→ **Material provided**:
------------------------------------------------------------------------

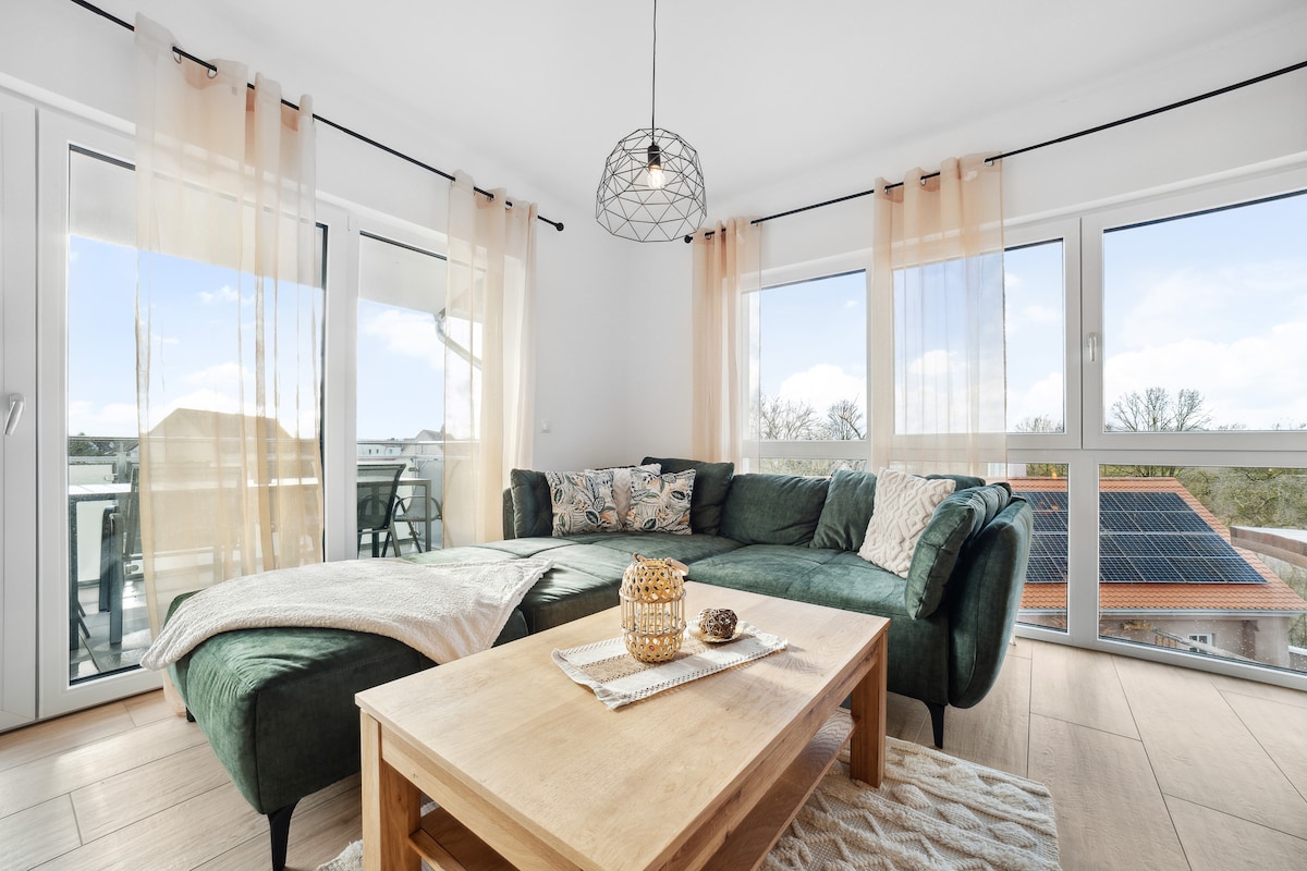 Ifulethi elihle eliphakathi kwe-Hesselberg ne-Altmühlsee. Indawo yokuhlala evulekile inekamelo lokulala, ikamelo lezingane, ikhishi elivulekile, igumbi lokugezela elikhulu elinobhavu wasekhoneni negumbi lokuhlala elithokomele elinosofa nendawo ye-TV, ifulethi likunikeza ukuhlala okumnandi e-Franconia yothando. Engadini yethu, wamukelekile ukuvula i-barbecue noma ukuqeda ubusuku ngomlilo wokukhempa esitsheni sethu somlilo.
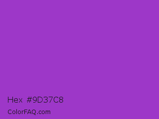 Hex #9d37c8 Color is a normal purple color and the nearest color is Dark Orchid #9932cc. Hex code #9d37c8 and RGB value is rgb(157,55,200). In RGB color space, this color is composed of 62% red, 22% green, 78% blue, In CMYK color space, this color is composed of 22% cyan, 73% magenta, 0% yellow , 22% black , In HSL color space, this color has a hue angle of 282° , 57% saturation and 50% lightness.
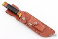 The Hattori SAN-31 Limited Bowie Knife is modelled after a famous S.O.G. knife from the Vietnam war era and has a 6-1/4" hollow ground, semi-mirror polished V-Gold San-Mai stainless steel Bowie-style blade, with a large false edge on the back of the clip point. Elegant and simple, the 4-3/4" "STAY-GOLD Edition" Custom Combination Handle is a real modern beauty (Leather Washer / Brass / Quince Burl Wood / Black Micarta) that features a solid Brass Double Guard / Crossguard and Butt Cap (With Lanyard hole). The knife comes with a Brown leather sheath (With a sharpening stone inside the pocket) and the Gift box has a special Sanjyu ("80-year anniversary") gold label and message.
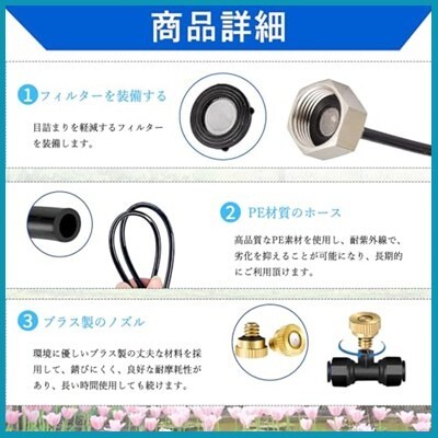 • 【様々な用途に】植物灌漑、野菜庭、芝生ミスト、冷却システム、冷却システム、塵の除去、ミストシャワー、ガーデン加湿できます。
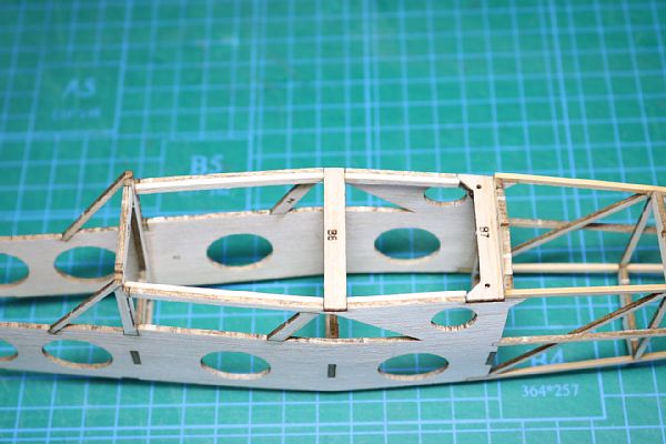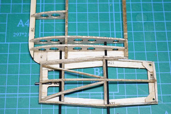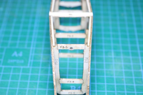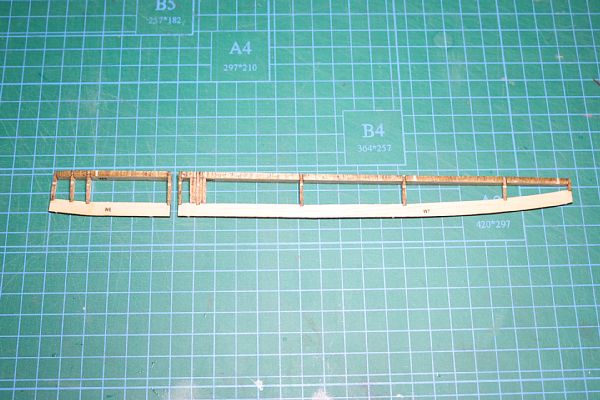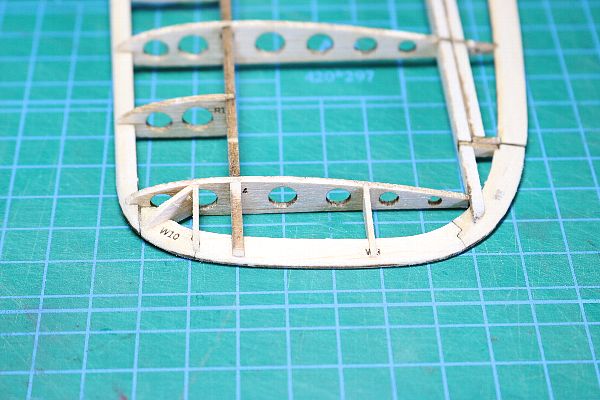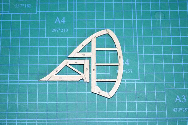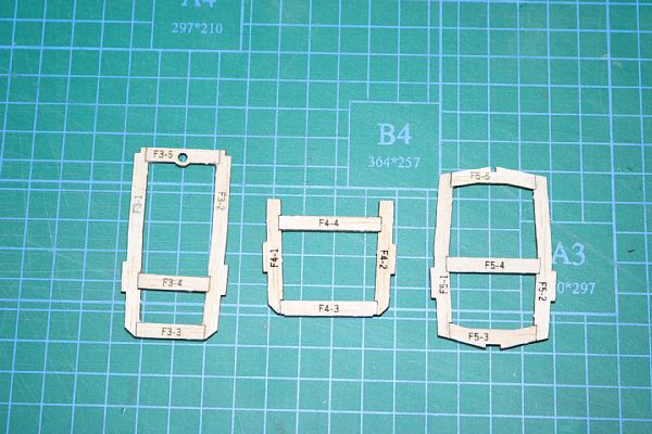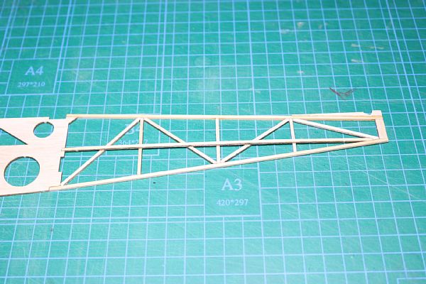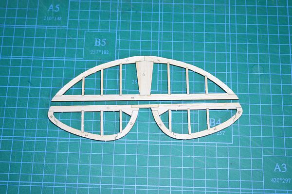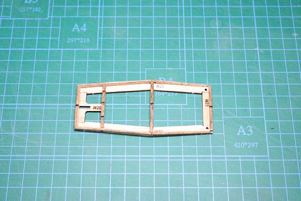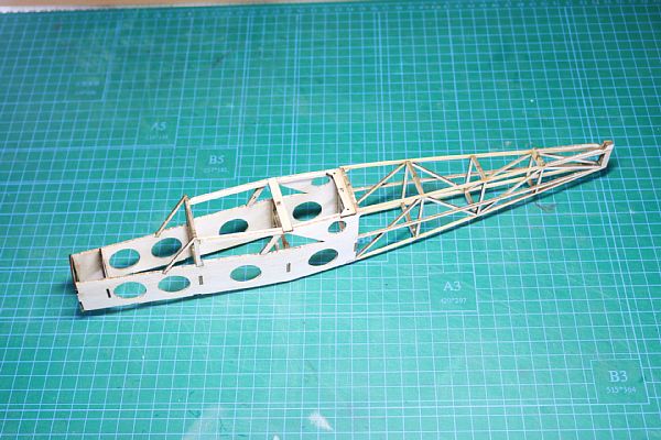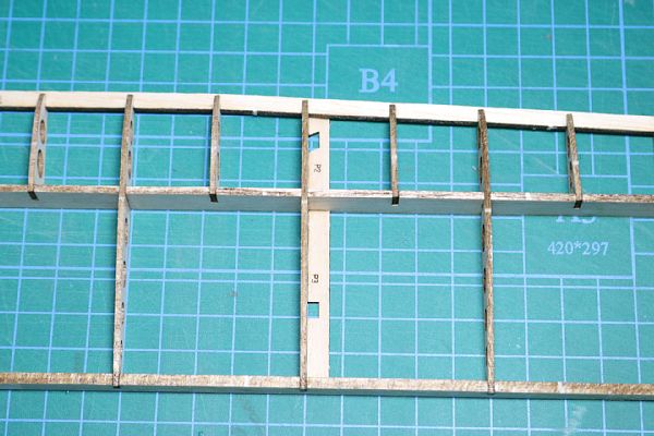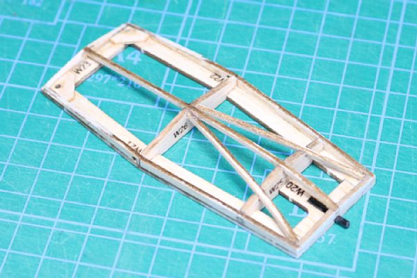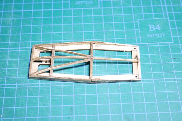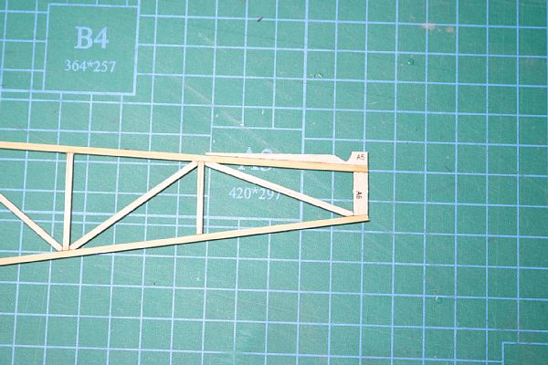 |  原寸図面の上で後ろのトラス構造を組み立てます。上下の長い棒は1.5x2mmのヒノキ棒、ほかは1.5x2mmのバルサです。 |  左右2枚を組み立てました。なお、刻印のある面を胴体内面にします。 |
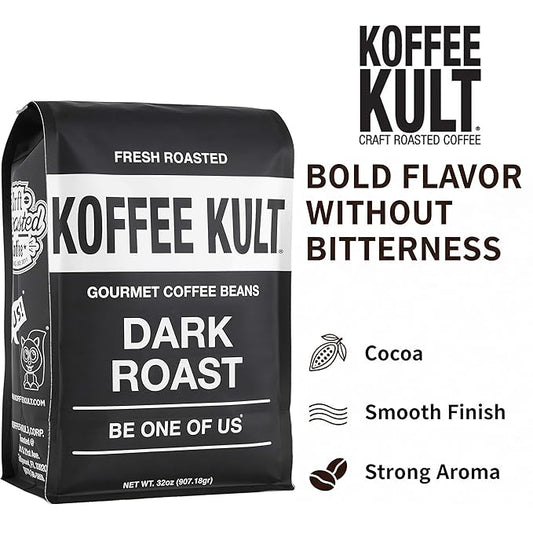 Koffee Kult Dark Roast Whole Bean Coffee - Small Batch 100% Arabica Gourmet Blend, Smooth and Well Balanced Artisan Roasted in 32oz Resealable Package
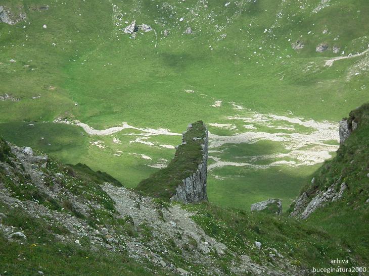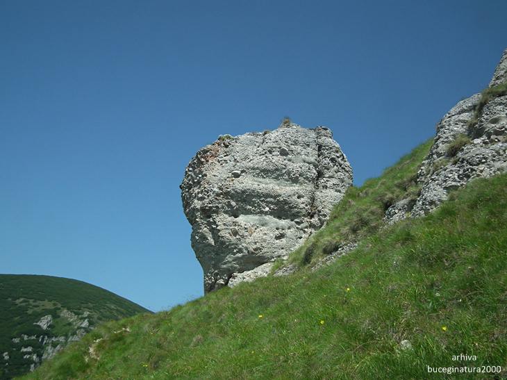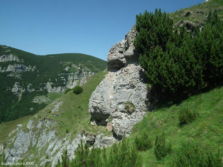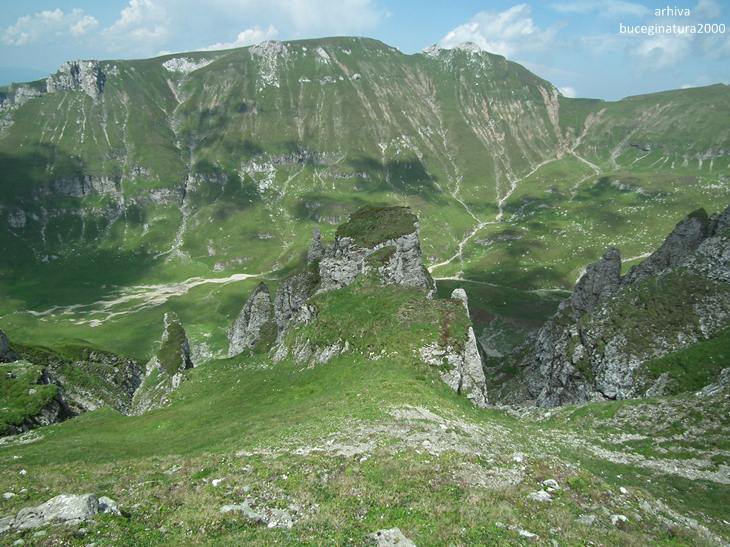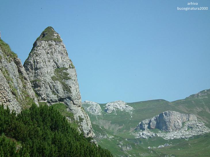 Traseul turistic ce urca de la Pestera la Vf. Omu. In vederile vechi, langa stanca de jos era un bolovan imens care pana la urma s-a erodat si a cazut prin jnepeni.
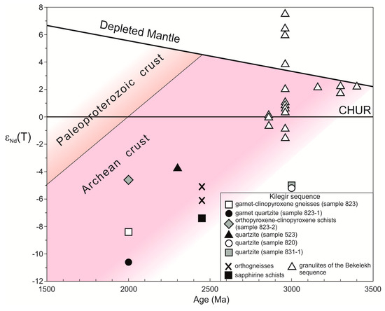 Sapphirine schists and orthogneisses of the Kilegir sequence [30], like the quartzites we studied, were characterized by negative values of εNd(T) from −7.4 to −5.1 and a model age of protolith TNd(DM-2st) = 3.43–3.25 Ga. Thus, the protolith of the granulites of the Kilegir sequence studied by us and [30] was formed due to the processing of the Archean and Eoarchean continental crust.
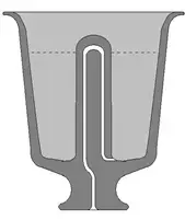 Чаша Пифагора (Рисунок 2) выглядит как обычная кружка для питья, но устроена как сифон. В центре кружки находится колонка, внутри которой проходит вертикальный канал, изогнутый вдвое. Канал изгибается в верхней части колонки и двумя концами опускается вниз, ко дну кружки. Оба конца выходят отверстиями в дне кружки, только один конец - внутрь кружки, у её дна, а второй конец - наружу кружки, насквозь через дно. Дно изготовлено толстым, таким образом между выходными отверстиями имеется разница по высоте в несколько сантиметров.
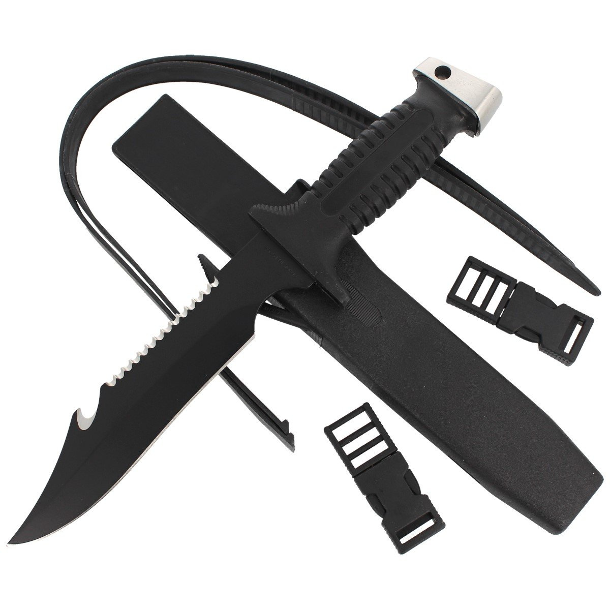 Pochwa - wykonane z twardego polimeru PP z otworami do odprowadzania wody, wilgoci. Kaburę wyposażono w zatrzask z blokadą zabezpieczający przed wysunięciem się noża w wodzie. Do pochwy dołączono dwa gumowe pasy oraz 2 klamry z tworzywa umożliwiające zamocowanie pochwy do wewnętrznej strony łydki / podudzia lub do jacketu.
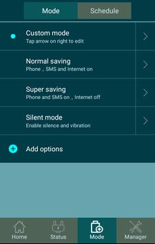 Smart Battery Saver comes with pre-installed power saver modes such as "The normal power saving mode" where only phone calls, SMS and internet access are allowed, but you can also create a custom power saving mode , suitable for all your needs and based on the battery information that you can get from the battery checker section.
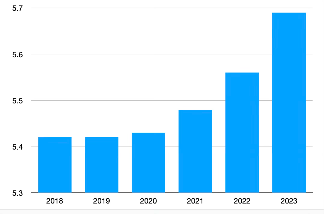 In 2023 there were 5.69 cancers per 1,000 population compared to an average rate during 2015 to 2019 of 5.27. That is a 7.9% increased rate of cancer occurrence. There were 4509 more cancers in 2023 than the average for 2015-2019. This rise was not solely due to the effect of our ageing population. The cancer rate for 65+ remained constant, but new cancer registrations per 1000 population for the 45-64 working adult age range rose by 8% when compared to the pre-pandemic 2015-2019 average. This bucked a ten year pre-pandemic trend that held to a more or less constant rate.

------------------------------------------------------------------------

→ **Task brief**:
Although the records contain pictures, the copy should consist of their text alone, reproduced exactly.

→ **Task answer**:
 Ifulethi elihle eliphakathi kwe-Hesselberg ne-Altmühlsee. Indawo yokuhlala evulekile inekamelo lokulala, ikamelo lezingane, ikhishi elivulekile, igumbi lokugezela elikhulu elinobhavu wasekhoneni negumbi lokuhlala elithokomele elinosofa nendawo ye-TV, ifulethi likunikeza ukuhlala okumnandi e-Franconia yothando. Engadini yethu, wamukelekile ukuvula i-barbecue noma ukuqeda ubusuku ngomlilo wokukhempa esitsheni sethu somlilo.
 Hex #9d37c8 Color is a normal purple color and the nearest color is Dark Orchid #9932cc. Hex code #9d37c8 and RGB value is rgb(157,55,200). In RGB color space, this color is composed of 62% red, 22% green, 78% blue, In CMYK color space, this color is composed of 22% cyan, 73% magenta, 0% yellow , 22% black , In HSL color space, this color has a hue angle of 282° , 57% saturation and 50% lightness.
 The Hattori SAN-31 Limited Bowie Knife is modelled after a famous S.O.G. knife from the Vietnam war era and has a 6-1/4" hollow ground, semi-mirror polished V-Gold San-Mai stainless steel Bowie-style blade, with a large false edge on the back of the clip point. Elegant and simple, the 4-3/4" "STAY-GOLD Edition" Custom Combination Handle is a real modern beauty (Leather Washer / Brass / Quince Burl Wood / Black Micarta) that features a solid Brass Double Guard / Crossguard and Butt Cap (With Lanyard hole). The knife comes with a Brown leather sheath (With a sharpening stone inside the pocket) and the Gift box has a special Sanjyu ("80-year anniversary") gold label and message.
 • 【様々な用途に】植物灌漑、野菜庭、芝生ミスト、冷却システム、冷却システム、塵の除去、ミストシャワー、ガーデン加湿できます。
 |  原寸図面の上で後ろのトラス構造を組み立てます。上下の長い棒は1.5x2mmのヒノキ棒、ほかは1.5x2mmのバルサです。 |  左右2枚を組み立てました。なお、刻印のある面を胴体内面にします。 |
 Koffee Kult Dark Roast Whole Bean Coffee - Small Batch 100% Arabica Gourmet Blend, Smooth and Well Balanced Artisan Roasted in 32oz Resealable Package
 Traseul turistic ce urca de la Pestera la Vf. Omu. In vederile vechi, langa stanca de jos era un bolovan imens care pana la urma s-a erodat si a cazut prin jnepeni.
 Sapphirine schists and orthogneisses of the Kilegir sequence [30], like the quartzites we studied, were characterized by negative values of εNd(T) from −7.4 to −5.1 and a model age of protolith TNd(DM-2st) = 3.43–3.25 Ga. Thus, the protolith of the granulites of the Kilegir sequence studied by us and [30] was formed due to the processing of the Archean and Eoarchean continental crust.
 Чаша Пифагора (Рисунок 2) выглядит как обычная кружка для питья, но устроена как сифон. В центре кружки находится колонка, внутри которой проходит вертикальный канал, изогнутый вдвое. Канал изгибается в верхней части колонки и двумя концами опускается вниз, ко дну кружки. Оба конца выходят отверстиями в дне кружки, только один конец - внутрь кружки, у её дна, а второй конец - наружу кружки, насквозь через дно. Дно изготовлено толстым, таким образом между выходными отверстиями имеется разница по высоте в несколько сантиметров.
 Pochwa - wykonane z twardego polimeru PP z otworami do odprowadzania wody, wilgoci. Kaburę wyposażono w zatrzask z blokadą zabezpieczający przed wysunięciem się noża w wodzie. Do pochwy dołączono dwa gumowe pasy oraz 2 klamry z tworzywa umożliwiające zamocowanie pochwy do wewnętrznej strony łydki / podudzia lub do jacketu.
 Smart Battery Saver comes with pre-installed power saver modes such as "The normal power saving mode" where only phone calls, SMS and internet access are allowed, but you can also create a custom power saving mode , suitable for all your needs and based on the battery information that you can get from the battery checker section.
 In 2023 there were 5.69 cancers per 1,000 population compared to an average rate during 2015 to 2019 of 5.27. That is a 7.9% increased rate of cancer occurrence. There were 4509 more cancers in 2023 than the average for 2015-2019. This rise was not solely due to the effect of our ageing population. The cancer rate for 65+ remained constant, but new cancer registrations per 1000 population for the 45-64 working adult age range rose by 8% when compared to the pre-pandemic 2015-2019 average. This bucked a ten year pre-pandemic trend that held to a more or less constant rate.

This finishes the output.